_Task statement_
Apart from the images, the entire listing below must be restated word for word.

_Supplied material_
..........

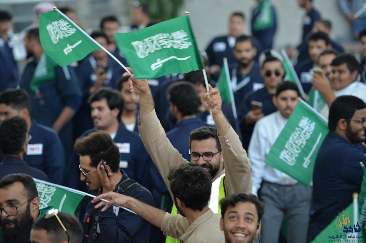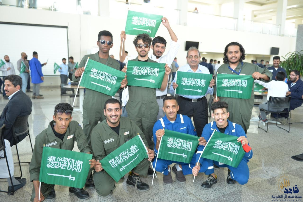 هذا وقد رفع منسوبي المعهد الوطني للتدريب الصناعي جميعهم أعلام المملكة العربية السعودية، وعلى أنغام شيلات وشعارات اليوم الوطني السعودي جدد الجميع ولائهم وحبهم للوطن الغالي أرضاً وقيادة وشعباً .
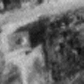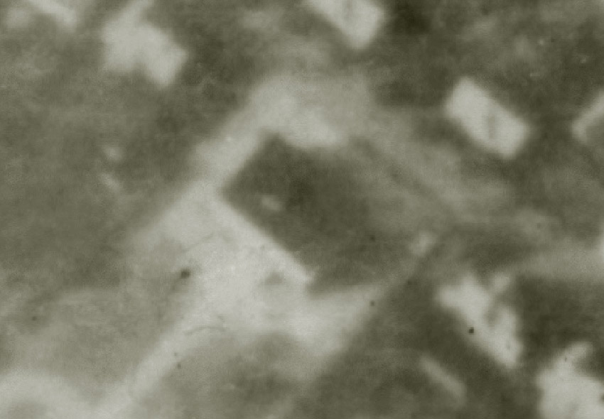 Rechts / östlich des Lüftungsturmes ist ein heller Halbkreis auf dem Dach zu erkennen. War dies ein Bombeneinschlag oder eventuell ein Tarnanstrich - um einen Einschlag auf freier Fläche vorzutäuschen?
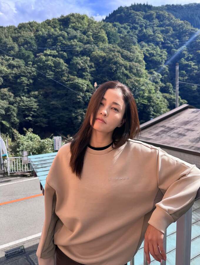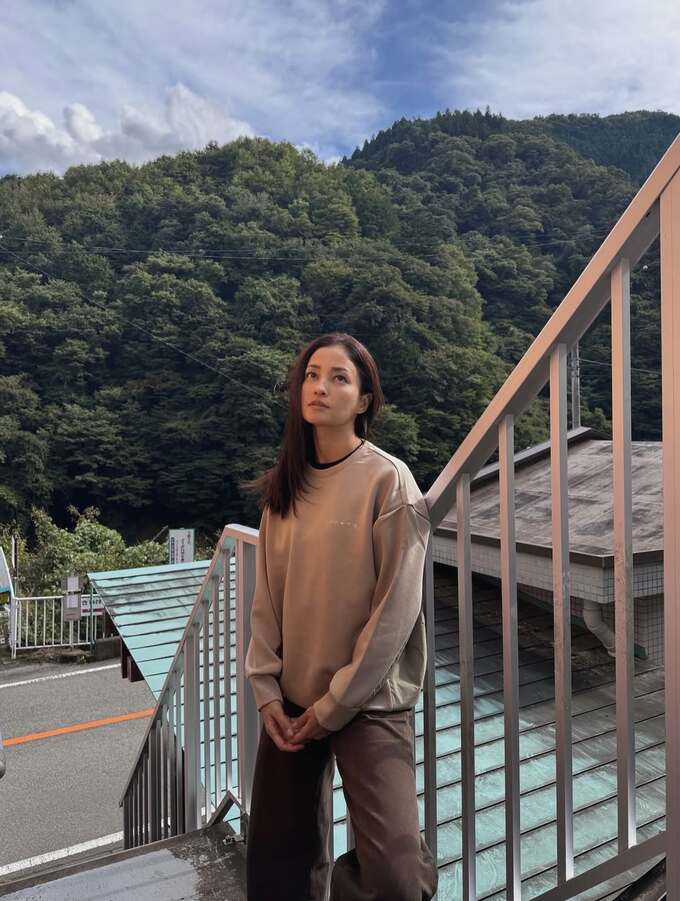 続く画像では、黒木さんは、ベージュのオーバーサイズスウェットと茶系のパンツという異なる衣装に身を包み、同じく山間の風景をバックに撮影されています。どうやら最初のカメラの絵文字は、撮影を意味しているようです。
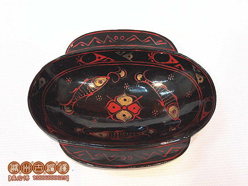 耳杯造型為器口元寶形,小耳,淺腹,平底,往往以盤承托。耳杯有方形和圓形兩種。自戰(zhàn)國(guó)以來(lái),一直經(jīng)久不衰。主要為飲酒器,還與古代“曲水流觴”的活動(dòng)有關(guān)。據(jù)考,古代習(xí)俗于三月初,為祓除不詳,在水之上游投入盛滿酒的耳杯,任其漂流而下,杯受阻則取而飲之。所以耳杯的耳大如羽扇,既利于漂浮,又便于提取。

..........

_Answer box_
 هذا وقد رفع منسوبي المعهد الوطني للتدريب الصناعي جميعهم أعلام المملكة العربية السعودية، وعلى أنغام شيلات وشعارات اليوم الوطني السعودي جدد الجميع ولائهم وحبهم للوطن الغالي أرضاً وقيادة وشعباً .
 Rechts / östlich des Lüftungsturmes ist ein heller Halbkreis auf dem Dach zu erkennen. War dies ein Bombeneinschlag oder eventuell ein Tarnanstrich - um einen Einschlag auf freier Fläche vorzutäuschen?
 続く画像では、黒木さんは、ベージュのオーバーサイズスウェットと茶系のパンツという異なる衣装に身を包み、同じく山間の風景をバックに撮影されています。どうやら最初のカメラの絵文字は、撮影を意味しているようです。
 耳杯造型為器口元寶形,小耳,淺腹,平底,往往以盤承托。耳杯有方形和圓形兩種。自戰(zhàn)國(guó)以來(lái),一直經(jīng)久不衰。主要為飲酒器,還與古代“曲水流觴”的活動(dòng)有關(guān)。據(jù)考,古代習(xí)俗于三月初,為祓除不詳,在水之上游投入盛滿酒的耳杯,任其漂流而下,杯受阻則取而飲之。所以耳杯的耳大如羽扇,既利于漂浮,又便于提取。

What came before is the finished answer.